In another embodiment the hydrocarbon fuel is selected from the group consisting of fuel oil, diesel fuel and mineral oil.
In yet another embodiment the gelling agent is a cold water hydrating guar gum.
In another embodiment the gelling agent is present in an amount of from 2.5 to 5.0 wt. % of the blend.
In a further embodiment the ammonium nitrate portion of the ammonium nitrate/liquid hydrocarbon consists of particulate, porous ammonium nitrate.
In yet another embodiment the anticaking agent is selected from the group consisting of amorphous silica, fumed silica and silicates.
In another embodiment the anticaking agent is present in an amount of from 1.0 to 4.0 wt. % of the blend.

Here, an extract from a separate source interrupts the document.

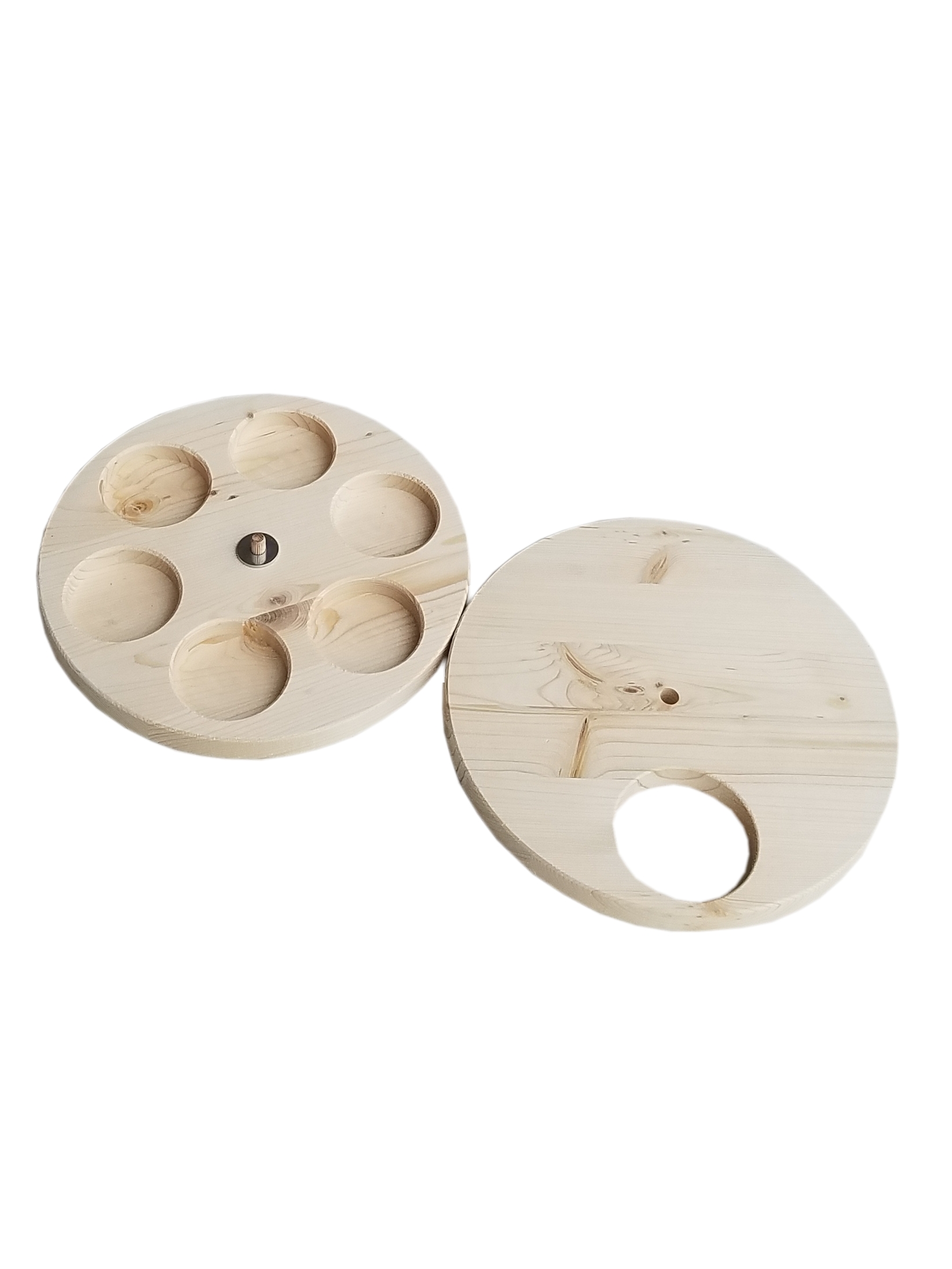 Maße: Durchmesser Drehscheiben ca 240mm, Höhe ca 40mm, Durchmesser Öffnung 70mm, Durchmesser Vertiefungen 60mm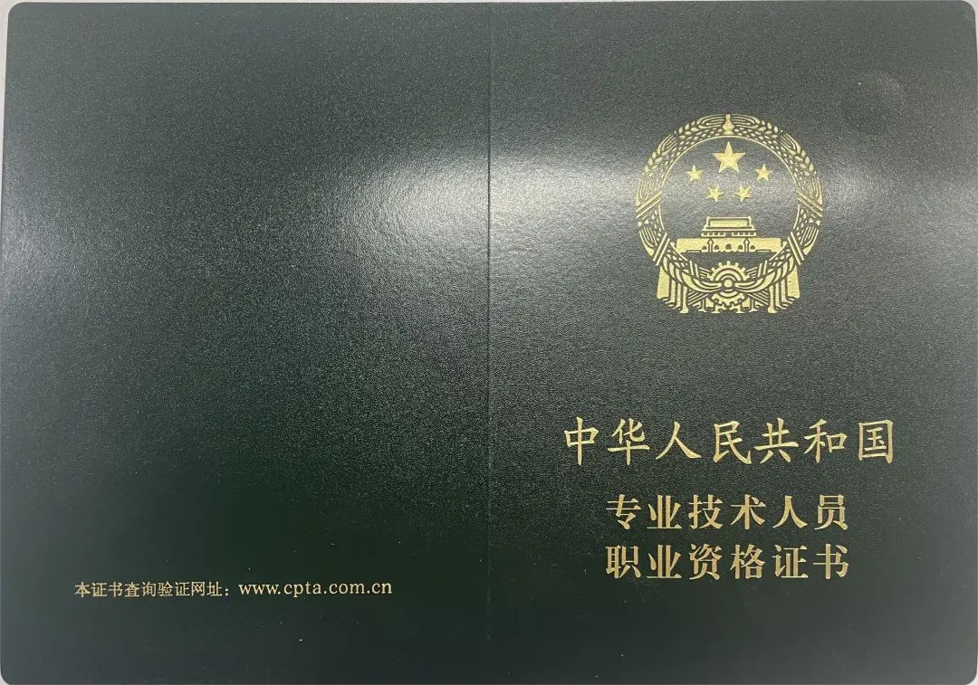 •证书外观:深蓝色封面,印有"中华人民共和国专业技术人员职业资格证书"金色字样

The ammonium nitrate (AN) particles are preferably in the form of porous prills. The AN or ANFO prills used should be of the kind which are normally effective when used alone as a blasting agent. The particle size of the prills is preferably between 6 and 20 TYLER* sieve size. Typically, such prills have a particle density of 1.35 g/cc to 1.52 g/cc, a prill void volume of 10.0 to 18.5% and a poured density of 0.70 g/cc to 0.85 g/cc, preferably from 0.76 to 0.80 g/cc. In the trade such porous prills are known as prilled AN, and are distinguished from high density prills. The porous prills may also contain anticaking agents, as is known in the art.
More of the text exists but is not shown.